Result: No over-release potential

2. Poisson regression (dependent variable is count type)

Usage Scenario: Poisson distribution for predicting count-of-result variables through a series of continuous or categorical predictor variables

Case: Does drug therapy reduce the number of seizures

1. View Data Set

1 ' Robust ' )2names (breslow.dat)3 Summary (Breslow.dat[c (6,7,8,10)])

Results: We analyzed the relationship between age, treatment conditions, number of onset in the first eight weeks and number of onset in eight weeks after randomization, so only 4 variables were used.

2. Graphics

1Opar <-par (no.readonly =T)2Par (Mfrow=c ())3 Attach (Breslow.dat)4hist (Sumy,breaks = 20,xlab ='Seizure Count', main ='Distribution of Sizeture')5BoxPlot (sumy~trt,xlab='Treatment', main='Group Comparisons')6Par (OPAR)

Results: The incidence of epilepsy was reduced with the use of drugs in groups

3. Fitting Poisson regression

1 fit <-glm (sumy~base+age+trt,data = breslow.dat,family = Poisson ())2 summary (FIT)

Results: deviation, regression parameters, standard error and test with parameter 0

4. Interpreting model parameters

1 Coef (FIT) 2 exp (Coef (FIT))

Results: Every 1 years of age, the incidence of epilepsy will be multiplied by 1.023, if transferred from the placebo group to the drug group, the morbidity will be reduced by 14%

5. Determine if you are too far away from the trend

1 deviance (FIT)/df.residual (FIT)

Results: More than 1, there is excessive dissociation potential

6. Adjusting the model

1 fit.new <-glm (sumy~base+age+trt,data = breslow.dat,family = Quasipoisson ())2 Summary ( Fit.new)

Results: The standard error is much larger than the first model, and the more the standard error results in a P-value of TRT greater than 0.05, there is insufficient evidence that drug therapy can reduce the number of seizures compared to the use of placebo.

R language-Generalized linear model

Contact Us

The content source of this page is from Internet, which doesn't represent Alibaba Cloud's opinion; products and services mentioned on that page don't have any relationship with Alibaba Cloud.

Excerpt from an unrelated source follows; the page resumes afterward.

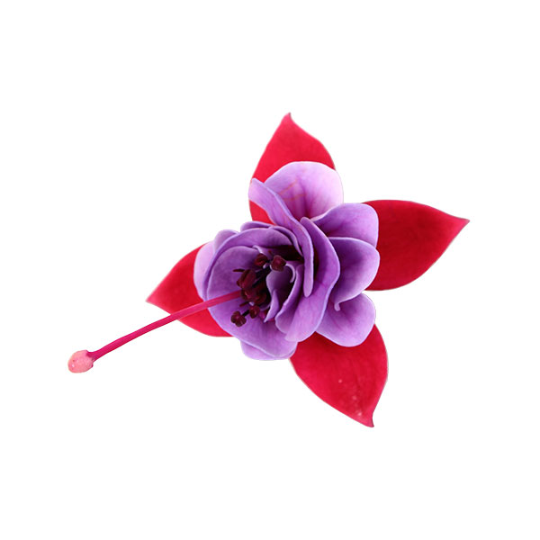 下向きに咲く愛らしい花姿。ボリュームのあるフリルが魅力的なフクシアです。鉢植えでお楽しみください。咲き終わった花摘みをすることで次々と花を咲かせることができます。ジュリアは枝垂れタイプ。フリルの多いパープルとホワイトの花です。

If the content of the page makes you feel confusing, please write us an email, we will handle the problem within 5 days after receiving your email.

If you find any instances of plagiarism from the community, please send an email to: info-contact@alibabacloud.com and provide relevant evidence. A staff member will contact you within 5 working days.

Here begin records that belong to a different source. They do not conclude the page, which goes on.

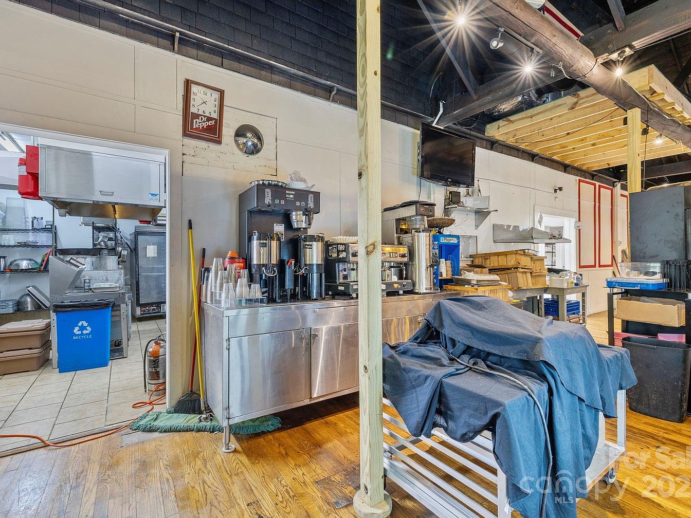A large kitchen area featuring a beverage station with several commercial coffee makers, a grinder, and stacks of clear plastic cups on a metal countertop. The floor is a mix of light wood planks and beige tiles, with cleaning tools like a mop and broom leaning against the wall. Overhead are exposed black beams with industrial lighting and a partially constructed wooden loft area. Walls are painted white with a retro Dr. Pepper clock, metallic backsplash, and a wall-mounted television. Open shelving and stainless appliances hint at a professional or semi-commercial set-up, while recycling bins and storage boxes indicate active use.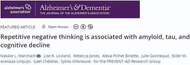 发现更多表现出持续性消极思维的人群,在随访期间认知能力下降更明显,尤其是短期和长期记忆力下降,而这也是阿尔茨海默病的早期征兆之一。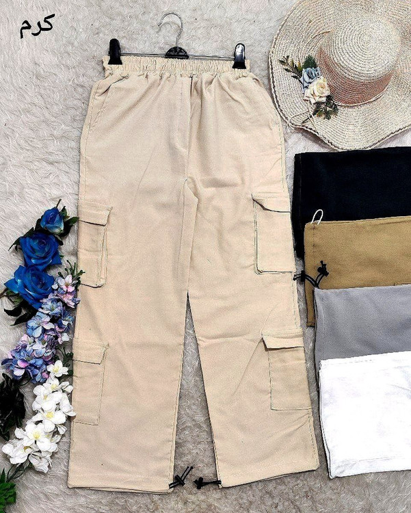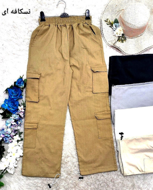 شلوار کارگو جنس پارچه کتان کش درجه یک و اعلا با تنخور فوق العاده زیبا و شیک و کیفیت تضمینی دارای شش جیب دمپا گت دار قد 100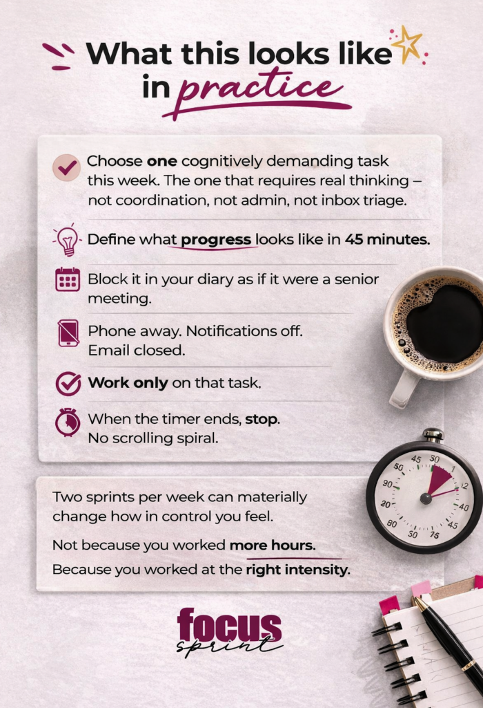 A Focus Sprint is a deliberately protected burst of deep, undistracted work with a defined objective and a defined stop point.

A Free Trial That Lets You Build Big!

Start building with 50+ products and up to 12 months usage for Elastic Compute Service

  • Sales Support

    1 on 1 presale consultation

  • After-Sales Support

    24/7 Technical Support 6 Free Tickets per Quarter Faster Response

  • Alibaba Cloud offers highly flexible support services tailored to meet your exact needs.